Both group a sequence of characters so quantifiers and alternation apply to the whole group, but (abc) is a capturing group — it stores the matched text and makes it available via backreferences (\1) or in your match results. (?:abc) is a non-capturing group — it groups without storing anything, which is slightly faster and keeps your capture group numbering clean when you don't need the matched text.
How do lookaheads and lookbehinds differ from regular matching?

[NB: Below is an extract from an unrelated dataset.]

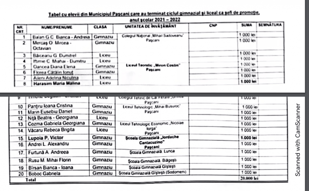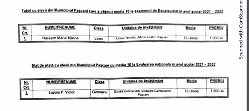 Astăzi, la Primăria Pașcani a fost răsplătită performanța elevilor de la școlile și liceele din municipiu. 20 șefi de promoție, de la unitățile de învățământ din municipiu și suburbii, alături de absolvenții care au obținut media 10 la Bacalaureat și Evaluarea Națională, au fost premiați de autoritățile locale cu câte 1000 de lei fiecare, flori și o diplomă. De asemenea, reprezentanții unităților de învățământ au primit câte o diploma de excelență și flori.
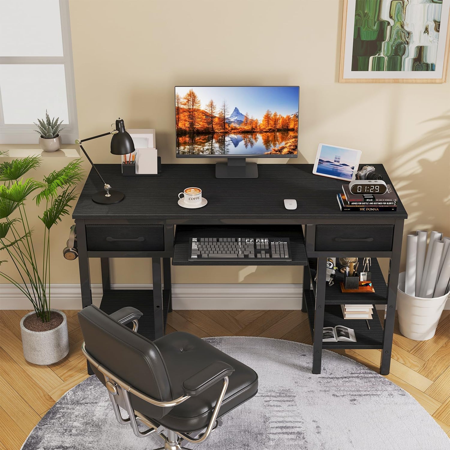 Lufeiya Desk with Keyboard Tray Slide Out, 47 Inch Home Office Computer Desks with Fabric Drawers & Storage Shelves, Modern Simple Study Writing Gaming Table for Bedroom, Black

Lookarounds let you assert that a pattern exists (or doesn't) immediately before or after your match, without including it in the match itself. \d+(?= dollars) matches the digits in "100 dollars" but the match result is just "100" — the lookahead checks for " dollars" without consuming it. This is useful for validating context (like currency formatting) without capturing the context as part of your result.
What does ^ mean inside vs. outside square brackets?

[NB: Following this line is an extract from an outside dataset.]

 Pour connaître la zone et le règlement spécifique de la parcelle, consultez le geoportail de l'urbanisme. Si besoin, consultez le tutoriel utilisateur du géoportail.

Outside brackets, ^ is an anchor meaning "start of string" — ^Hello matches strings that begin with "Hello". Inside a character class [^abc], it negates the class — matching any character that is NOT a, b, or c. Context is everything.
Why does my dot . not match newlines?
By default, . matches any character except a newline (\n). Enable dotall mode (the s flag in most engines, or re.DOTALL in Python) to make . match newlines too. Alternatively, use [\s\S] as a portable workaround that works in all engines.
Why does my regex match more or less than I expect?
The most common causes are: using a greedy quantifier where a lazy one was needed, forgetting that . doesn't match newlines by default (use the s/dotall flag if it should), or missing the g/global flag so only the first match is returned. Testing incrementally — building up your pattern piece by piece — is the fastest way to catch these issues.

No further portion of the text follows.